## [TASK TO COMPLETE]
Return all the lines below exactly as written. Drop every picture.

*** MATERIAL PROVIDED

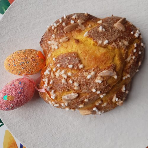 - Scaldare il forno a 170° e nel frattempo preparare la glassa unendo in una ciotola circa 20 g di albume, lo zucchero a velo e la farina di mandorle. Una volta terminata la seconda lievitazione spennellare la colomba con la glassa, aggiungere le mandorle, la granella di zucchero e infornare.
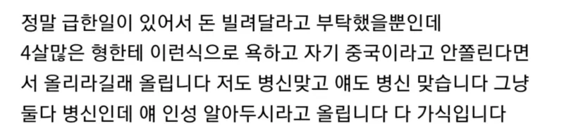 原文内容:“大家好,我是Ucal亲哥哥,我要揭发Ucal。我是真的有急事才像他借钱,结果他就一直骂比自己大四岁的哥哥,说自己在中国不怕丢脸,让我就上传文章,我就上传了。虽然我确实是窝囊废,但他也是窝囊废,我们都是窝囊废,为了让大家知道他的人性我才上传文章的。”
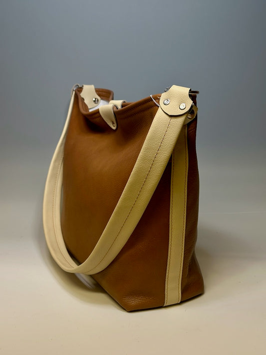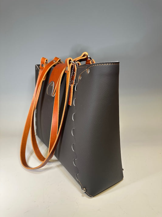 MILK CHOCOLATE LEATHER OPEN TOTE II308.1

******

## [ANSWER TO THE PROBLEM]
 - Scaldare il forno a 170° e nel frattempo preparare la glassa unendo in una ciotola circa 20 g di albume, lo zucchero a velo e la farina di mandorle. Una volta terminata la seconda lievitazione spennellare la colomba con la glassa, aggiungere le mandorle, la granella di zucchero e infornare.
 原文内容:“大家好,我是Ucal亲哥哥,我要揭发Ucal。我是真的有急事才像他借钱,结果他就一直骂比自己大四岁的哥哥,说自己在中国不怕丢脸,让我就上传文章,我就上传了。虽然我确实是窝囊废,但他也是窝囊废,我们都是窝囊废,为了让大家知道他的人性我才上传文章的。”
 MILK CHOCOLATE LEATHER OPEN TOTE II308.1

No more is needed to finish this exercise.